Several samples of composition Nb(25 nm)/Co(3 nm)/Nb(25 nm)/Pt(3 nm) were simultaneously grown on Al2O3 substrates (with 1\(\bar{1}\)02 orientation) of area 10 × 10 mm2 with the molecular beam epitaxy setup of the Jülich Center for Neutron Science at Heinz Maier-Leibnitz Zentrum, following previous work55. The rates of deposition were 0.4 Å/s for niobium, 0.1 Å/s for cobalt and 0.2 Å/s for platinum. The substrate temperature was kept at 303 K in order to preserve the bulk-like magnetic properties of the Co layer by minimizing diffusion of cobalt atoms into the niobium layer.

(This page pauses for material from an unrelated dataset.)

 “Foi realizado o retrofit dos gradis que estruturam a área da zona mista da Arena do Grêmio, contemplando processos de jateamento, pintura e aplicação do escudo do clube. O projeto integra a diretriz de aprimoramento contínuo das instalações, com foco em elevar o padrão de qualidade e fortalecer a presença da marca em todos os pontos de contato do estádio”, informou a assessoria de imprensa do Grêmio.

The as-prepared samples were characterized by X-ray diffraction (XRD), SQUID magnetometry, and transport measurements (see Supplementary Fig. 1). XRD was performed in Bragg-Brentano geometry on a diffractometer equipped with a Cu anode as X-ray source and a DECTRIS line detector. The diffraction patterns indicate a polycrystalline texture of the niobium film, with preferential orientation along the (110) plane. Transport measurements using a standard four-probe device55 revealed a sharp superconducting transition at ~7 K, slightly lower than in the bulk due to either the proximity of the Co layer56 or to the reduced dimensionality. Hysteresis loops obtained by SQUID magnetometry at room temperature showed a saturation magnetic moment of 0.96 ± 0.02 kG, consistent with the one obtained by PNR fitting of 0.99 ± 0.05 kG and corresponding to 67% of the bulk value of 1.5 kG.

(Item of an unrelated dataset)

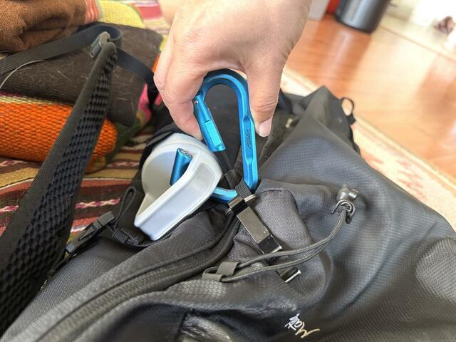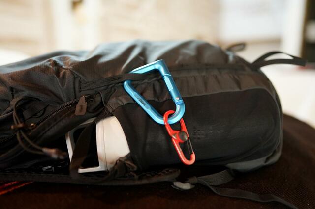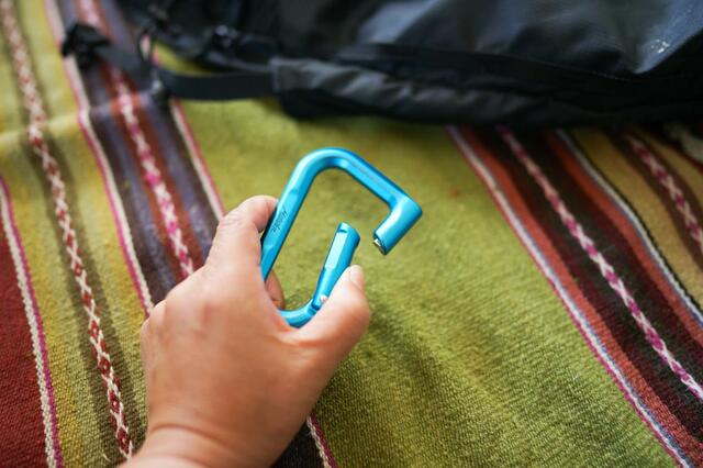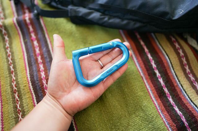 航空機グレードのアルミニウムで丈夫。カラビナとして水筒や靴などをバックパックに固定でき、日常使いができるアイテム。

X-ray reflectometry measurements (with photon wavelength 1.54  Å) were performed at the NREX reflectometer at room temperature (see Supplementary Fig. 2c). The X-ray data were fitted to a model based on the variable thickness and roughness of parameters, using the GenX software57. The same model was applied to the neutron reflectometry data discussed below, showing good agreement of the fitted parameters. All relevant parameters retrieved from the fitting of our reflectometric data on pristine and hydrogenated samples are reported in Supplementary Fig. 3.

Neutron reflectometry

The polarized neutron reflectometry measurements were conducted at the angle-dispersive NREX reflectometer at the research reactor FRM-II in Garching, Germany58, with neutrons of wavelength 4.28 Å. Preliminary measurements were carried out at the V6 reflectometer at the BER-II reactor in Berlin, Germany59,60, with neutron wavelength 4.66 Å. In both cases, the incoming neutrons were polarized before the sample, and transmitted through spin flippers before and after the sample. A polarization analyzer was used to discriminate between spin-flip (SF) and non-spin-flip (NSF) scattering events at the sampe. The analyzer transmits the NSF and reflects the SF neutrons into two different channels of the detector (see Supplementary Fig. 1e). All samples were magnetized prior to the neutron experiments with an in-plane magnetic field sufficient to saturate the Co magnetic moment (1.7 kOe at V6 and 4.5 kOe at NREX), and subsequently mounted in a sealed chamber. The pressure inside the chamber could be tuned by needle valves connected to an Ar(98%)/H2(2%) mixture bottle and turbomolecular pumps. A constant gas pressure of 8 mbar was used, corresponding to 0.16 mbar of pure H2 gas. During the experiments, a magnetic guide field of around 5 and 30 Oe was applied along sample edge at NREX and V6, respectively. The guiding field was chosen to be strong enough to mantain the neutron polarization, and low enough to allow the magnetization to lay on the easy axis direction, along the diagonal of the sample. Following ref. 36, this ensures a constant noncollinear magnetization (the angle between applied field and magnetization α was ~50°) throughout our measurements. Every sample was subjected to H-loading over one single cycle, to ensure the same initial state for every experiment.